The following reaches and nodes are contained in each basin model:
- Upper Green River Basin: 24 reaches, 111 nodes
- Blacks Fork River Basin: 13 reaches, 44 nodes
- Henrys Fork River Basin: 7 reaches, 16 nodes
- Little Snake River Basin: 16 reaches, 48 nodes
User Notes
This worksheet presents a master list of all nodes included in the Green River Basin Models.

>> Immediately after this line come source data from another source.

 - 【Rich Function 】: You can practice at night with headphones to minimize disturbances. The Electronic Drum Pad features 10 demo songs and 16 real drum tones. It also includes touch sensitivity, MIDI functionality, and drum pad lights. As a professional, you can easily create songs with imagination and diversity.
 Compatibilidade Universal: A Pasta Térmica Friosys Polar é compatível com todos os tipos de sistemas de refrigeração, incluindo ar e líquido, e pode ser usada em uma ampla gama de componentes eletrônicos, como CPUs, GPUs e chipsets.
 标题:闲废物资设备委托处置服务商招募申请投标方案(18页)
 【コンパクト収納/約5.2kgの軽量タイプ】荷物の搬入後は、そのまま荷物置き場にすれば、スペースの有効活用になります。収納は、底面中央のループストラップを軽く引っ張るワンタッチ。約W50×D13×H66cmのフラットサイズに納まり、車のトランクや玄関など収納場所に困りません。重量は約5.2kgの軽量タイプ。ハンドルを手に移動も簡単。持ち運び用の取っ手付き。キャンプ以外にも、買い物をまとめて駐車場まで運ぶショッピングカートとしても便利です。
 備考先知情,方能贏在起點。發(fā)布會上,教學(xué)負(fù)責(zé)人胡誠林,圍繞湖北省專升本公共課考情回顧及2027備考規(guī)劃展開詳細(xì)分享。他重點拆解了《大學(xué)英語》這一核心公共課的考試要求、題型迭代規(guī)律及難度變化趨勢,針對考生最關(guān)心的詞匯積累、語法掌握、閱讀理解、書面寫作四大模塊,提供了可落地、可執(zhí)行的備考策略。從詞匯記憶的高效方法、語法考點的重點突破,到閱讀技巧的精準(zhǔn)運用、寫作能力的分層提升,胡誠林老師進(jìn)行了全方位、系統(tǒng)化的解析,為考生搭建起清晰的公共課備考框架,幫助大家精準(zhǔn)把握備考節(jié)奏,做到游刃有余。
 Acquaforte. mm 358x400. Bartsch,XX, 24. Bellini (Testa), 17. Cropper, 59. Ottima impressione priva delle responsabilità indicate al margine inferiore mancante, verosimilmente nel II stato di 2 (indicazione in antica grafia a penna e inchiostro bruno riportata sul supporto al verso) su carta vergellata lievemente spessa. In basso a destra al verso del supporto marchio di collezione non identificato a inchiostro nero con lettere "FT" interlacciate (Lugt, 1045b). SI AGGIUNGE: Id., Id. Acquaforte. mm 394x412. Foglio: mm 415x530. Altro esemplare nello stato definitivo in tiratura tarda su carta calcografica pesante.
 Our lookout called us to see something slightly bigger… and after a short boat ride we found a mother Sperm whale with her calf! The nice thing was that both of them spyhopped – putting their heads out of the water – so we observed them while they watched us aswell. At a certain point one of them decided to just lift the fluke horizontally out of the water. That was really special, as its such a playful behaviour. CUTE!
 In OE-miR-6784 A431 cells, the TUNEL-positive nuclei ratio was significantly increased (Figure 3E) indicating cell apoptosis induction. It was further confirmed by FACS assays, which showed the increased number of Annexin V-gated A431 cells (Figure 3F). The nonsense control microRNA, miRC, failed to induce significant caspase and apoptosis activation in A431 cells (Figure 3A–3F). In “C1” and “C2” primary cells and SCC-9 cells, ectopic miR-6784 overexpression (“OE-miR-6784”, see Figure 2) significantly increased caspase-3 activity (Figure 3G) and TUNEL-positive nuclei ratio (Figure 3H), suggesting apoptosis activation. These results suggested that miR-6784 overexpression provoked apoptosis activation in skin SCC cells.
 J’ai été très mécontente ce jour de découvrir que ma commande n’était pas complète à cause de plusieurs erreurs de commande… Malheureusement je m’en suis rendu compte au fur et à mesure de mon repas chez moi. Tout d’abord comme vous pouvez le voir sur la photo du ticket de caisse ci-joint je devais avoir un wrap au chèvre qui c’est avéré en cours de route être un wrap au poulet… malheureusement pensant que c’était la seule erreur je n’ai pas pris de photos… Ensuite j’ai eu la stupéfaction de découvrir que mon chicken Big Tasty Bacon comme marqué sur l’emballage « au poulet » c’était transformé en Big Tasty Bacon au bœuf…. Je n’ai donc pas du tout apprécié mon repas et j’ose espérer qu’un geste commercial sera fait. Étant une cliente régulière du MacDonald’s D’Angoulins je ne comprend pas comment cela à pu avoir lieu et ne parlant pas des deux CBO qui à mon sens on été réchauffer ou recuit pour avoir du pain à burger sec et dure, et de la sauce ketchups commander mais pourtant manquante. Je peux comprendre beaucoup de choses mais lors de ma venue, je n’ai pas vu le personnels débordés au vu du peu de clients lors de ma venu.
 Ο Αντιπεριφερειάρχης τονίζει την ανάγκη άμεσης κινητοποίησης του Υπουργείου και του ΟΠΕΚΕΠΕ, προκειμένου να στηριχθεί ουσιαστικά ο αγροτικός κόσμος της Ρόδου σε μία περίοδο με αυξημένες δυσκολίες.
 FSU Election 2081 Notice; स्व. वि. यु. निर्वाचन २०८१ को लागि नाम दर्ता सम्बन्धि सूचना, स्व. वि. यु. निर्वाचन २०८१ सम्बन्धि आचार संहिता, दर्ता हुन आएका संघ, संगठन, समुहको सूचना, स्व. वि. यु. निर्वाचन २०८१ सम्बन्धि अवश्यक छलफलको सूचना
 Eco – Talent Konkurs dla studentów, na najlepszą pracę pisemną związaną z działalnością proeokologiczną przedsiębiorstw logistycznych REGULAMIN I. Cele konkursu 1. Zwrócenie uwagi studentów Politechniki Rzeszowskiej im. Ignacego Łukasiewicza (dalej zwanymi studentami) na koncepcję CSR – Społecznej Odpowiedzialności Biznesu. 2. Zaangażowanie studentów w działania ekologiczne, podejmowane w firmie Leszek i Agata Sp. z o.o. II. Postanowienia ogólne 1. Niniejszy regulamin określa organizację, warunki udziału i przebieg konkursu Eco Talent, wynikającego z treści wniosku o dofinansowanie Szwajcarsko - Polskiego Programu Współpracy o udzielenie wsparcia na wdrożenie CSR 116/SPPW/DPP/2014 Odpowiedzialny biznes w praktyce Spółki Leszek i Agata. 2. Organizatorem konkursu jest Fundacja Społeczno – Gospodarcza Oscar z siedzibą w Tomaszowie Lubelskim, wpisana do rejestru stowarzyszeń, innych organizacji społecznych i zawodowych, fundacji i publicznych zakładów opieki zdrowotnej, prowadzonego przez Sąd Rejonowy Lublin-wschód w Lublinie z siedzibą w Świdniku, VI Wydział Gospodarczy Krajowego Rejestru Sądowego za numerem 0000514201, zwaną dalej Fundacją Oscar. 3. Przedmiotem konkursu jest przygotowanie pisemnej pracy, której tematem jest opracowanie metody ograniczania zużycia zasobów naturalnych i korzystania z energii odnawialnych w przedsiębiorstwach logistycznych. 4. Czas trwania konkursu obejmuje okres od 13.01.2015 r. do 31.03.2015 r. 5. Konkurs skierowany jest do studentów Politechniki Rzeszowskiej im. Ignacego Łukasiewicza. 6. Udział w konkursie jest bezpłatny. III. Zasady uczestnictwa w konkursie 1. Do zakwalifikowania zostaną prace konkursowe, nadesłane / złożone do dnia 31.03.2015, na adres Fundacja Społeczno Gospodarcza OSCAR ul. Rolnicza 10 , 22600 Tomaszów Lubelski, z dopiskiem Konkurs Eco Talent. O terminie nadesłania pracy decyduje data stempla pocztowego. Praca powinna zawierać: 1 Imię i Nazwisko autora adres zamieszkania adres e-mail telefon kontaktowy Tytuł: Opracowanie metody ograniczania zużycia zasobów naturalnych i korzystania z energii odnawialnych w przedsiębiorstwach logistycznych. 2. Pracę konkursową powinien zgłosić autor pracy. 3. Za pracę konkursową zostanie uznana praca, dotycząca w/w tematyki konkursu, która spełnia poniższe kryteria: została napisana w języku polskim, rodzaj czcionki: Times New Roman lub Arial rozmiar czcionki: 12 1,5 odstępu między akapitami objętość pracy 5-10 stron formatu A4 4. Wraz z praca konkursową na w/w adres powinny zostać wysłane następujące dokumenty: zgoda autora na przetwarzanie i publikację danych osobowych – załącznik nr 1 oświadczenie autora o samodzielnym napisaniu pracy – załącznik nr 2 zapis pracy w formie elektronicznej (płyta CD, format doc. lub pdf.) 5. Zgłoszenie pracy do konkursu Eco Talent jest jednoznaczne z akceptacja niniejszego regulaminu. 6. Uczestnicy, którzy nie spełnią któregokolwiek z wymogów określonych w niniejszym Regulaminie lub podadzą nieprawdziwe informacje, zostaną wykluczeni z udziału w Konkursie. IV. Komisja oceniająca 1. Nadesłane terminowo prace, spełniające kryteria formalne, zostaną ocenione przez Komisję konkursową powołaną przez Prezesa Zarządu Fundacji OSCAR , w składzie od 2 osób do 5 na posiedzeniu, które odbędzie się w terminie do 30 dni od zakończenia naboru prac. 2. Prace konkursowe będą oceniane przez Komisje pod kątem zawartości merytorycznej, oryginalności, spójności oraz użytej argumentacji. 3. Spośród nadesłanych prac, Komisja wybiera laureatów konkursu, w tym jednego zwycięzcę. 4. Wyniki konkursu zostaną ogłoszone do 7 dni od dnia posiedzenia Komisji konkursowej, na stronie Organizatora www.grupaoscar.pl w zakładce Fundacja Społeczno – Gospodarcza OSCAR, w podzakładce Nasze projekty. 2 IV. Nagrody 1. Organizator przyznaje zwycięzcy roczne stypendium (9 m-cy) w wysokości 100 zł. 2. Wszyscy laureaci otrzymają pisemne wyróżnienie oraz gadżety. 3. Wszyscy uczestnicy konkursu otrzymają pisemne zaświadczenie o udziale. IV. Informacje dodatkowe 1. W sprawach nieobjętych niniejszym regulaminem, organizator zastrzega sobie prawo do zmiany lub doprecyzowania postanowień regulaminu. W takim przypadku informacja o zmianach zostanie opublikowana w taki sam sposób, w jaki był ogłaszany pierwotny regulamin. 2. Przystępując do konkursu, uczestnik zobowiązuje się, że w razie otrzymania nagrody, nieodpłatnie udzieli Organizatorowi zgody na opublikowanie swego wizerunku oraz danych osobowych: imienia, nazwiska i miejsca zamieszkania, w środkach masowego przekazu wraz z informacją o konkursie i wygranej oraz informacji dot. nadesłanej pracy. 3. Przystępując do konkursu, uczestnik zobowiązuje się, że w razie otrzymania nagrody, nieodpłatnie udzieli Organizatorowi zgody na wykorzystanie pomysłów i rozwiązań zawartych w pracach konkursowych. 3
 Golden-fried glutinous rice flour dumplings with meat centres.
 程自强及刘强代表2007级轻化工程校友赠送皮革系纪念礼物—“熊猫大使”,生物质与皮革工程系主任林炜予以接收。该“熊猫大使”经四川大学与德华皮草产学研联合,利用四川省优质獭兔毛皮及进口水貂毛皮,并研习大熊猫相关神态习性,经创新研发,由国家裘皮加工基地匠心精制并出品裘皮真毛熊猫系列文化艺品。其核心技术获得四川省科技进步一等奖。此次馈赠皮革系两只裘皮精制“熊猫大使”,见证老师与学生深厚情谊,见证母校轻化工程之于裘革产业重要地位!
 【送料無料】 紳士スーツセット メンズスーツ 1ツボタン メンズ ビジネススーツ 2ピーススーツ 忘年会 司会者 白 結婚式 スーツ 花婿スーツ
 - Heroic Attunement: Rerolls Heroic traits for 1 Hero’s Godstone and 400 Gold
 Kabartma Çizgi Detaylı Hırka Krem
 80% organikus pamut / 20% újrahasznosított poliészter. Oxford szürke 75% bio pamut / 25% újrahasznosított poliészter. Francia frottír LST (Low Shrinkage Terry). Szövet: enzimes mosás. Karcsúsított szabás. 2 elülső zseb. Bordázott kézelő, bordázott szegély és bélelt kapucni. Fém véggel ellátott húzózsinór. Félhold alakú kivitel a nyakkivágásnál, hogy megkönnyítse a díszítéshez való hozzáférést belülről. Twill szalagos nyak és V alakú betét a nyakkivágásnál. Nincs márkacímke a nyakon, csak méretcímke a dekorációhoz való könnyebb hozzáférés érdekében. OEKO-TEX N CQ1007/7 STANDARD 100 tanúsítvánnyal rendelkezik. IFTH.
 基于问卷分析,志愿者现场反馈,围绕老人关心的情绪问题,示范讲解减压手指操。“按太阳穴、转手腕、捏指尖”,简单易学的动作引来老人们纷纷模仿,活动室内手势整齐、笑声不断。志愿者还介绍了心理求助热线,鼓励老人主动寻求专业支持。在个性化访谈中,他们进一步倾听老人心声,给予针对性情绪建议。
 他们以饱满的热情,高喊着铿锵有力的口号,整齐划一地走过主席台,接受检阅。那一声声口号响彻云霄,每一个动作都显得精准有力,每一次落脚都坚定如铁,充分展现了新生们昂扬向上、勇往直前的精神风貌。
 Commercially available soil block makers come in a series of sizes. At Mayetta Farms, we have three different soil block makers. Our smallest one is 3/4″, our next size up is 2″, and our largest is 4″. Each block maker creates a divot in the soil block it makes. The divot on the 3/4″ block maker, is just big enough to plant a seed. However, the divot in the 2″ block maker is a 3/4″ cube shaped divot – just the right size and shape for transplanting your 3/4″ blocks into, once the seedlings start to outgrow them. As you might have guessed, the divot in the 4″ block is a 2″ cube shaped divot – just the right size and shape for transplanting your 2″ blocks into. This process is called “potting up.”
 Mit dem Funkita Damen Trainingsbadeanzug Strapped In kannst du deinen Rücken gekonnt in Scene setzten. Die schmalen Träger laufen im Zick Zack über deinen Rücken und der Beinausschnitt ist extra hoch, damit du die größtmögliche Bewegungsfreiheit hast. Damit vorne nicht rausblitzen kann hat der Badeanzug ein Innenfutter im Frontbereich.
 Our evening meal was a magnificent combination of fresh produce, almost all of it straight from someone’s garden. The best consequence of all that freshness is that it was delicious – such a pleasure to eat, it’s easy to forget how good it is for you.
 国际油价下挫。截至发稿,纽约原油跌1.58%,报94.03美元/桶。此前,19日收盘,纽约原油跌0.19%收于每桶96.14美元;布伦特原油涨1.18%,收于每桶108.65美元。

The list allows the User to view a simple, comprehensive listing of all nodes within the
model, organized by reach and node number. This master list governs naming and
numbering conventions on many worksheets, so changing the list must be carefully done and
checked. Many of the calculations within the spreadsheet are dependent on the proper
correlation of node names and numbers.
Note that the numbering convention used for node identification includes the reach number
and the relative location of the node within it. Node numbers are in stream order.
Gage Data
Monthly stream gage data were obtained from the Wyoming Water Resources Data System (WRDS) for
each of the stream gages used in the model. Linear regression techniques were used to estimate missing
values for the many gages that had incomplete records. Once the gages were filled in for the study
period, monthly values for Dry, Normal, and Wet conditions were averaged from the Dry, Normal, or
Wet years of the study period.
Headwater inflow at several ungaged locations is also on the Gage Data worksheet. Different
approaches to estimating the flow were used, depending on the complexity of the stream system and
availability of data. The model uses estimated flow at ungaged headwater nodes as if they were gages.
Engineering Notes
Missing gage data were handled using procedures prioritized as follows:
- Independent gage has data for the entire study period. Fill the record for the dependent
gage by regressing available monthly data against the independent gage. Compare the
historical average monthly flow hydrograph to the synthesized monthly hydrograph. If
the hydrographs are not similar, proceed to the next step.
- Independent gage has data for the entire study period. Fill the record for the dependent
gage by regressing available annual data against the independent gage, then distribute the
estimated annual flow to monthly using average monthly distribution of the dependent
station for the available period of record.
- Independent gage has historical data for part of the study period and synthesized data for
the remainder. Fill the record for the dependent gage by regressing available monthly
data against the historical data for the independent gage. Next, extend the dependent gage
using this same relationship with filled data for the independent gage.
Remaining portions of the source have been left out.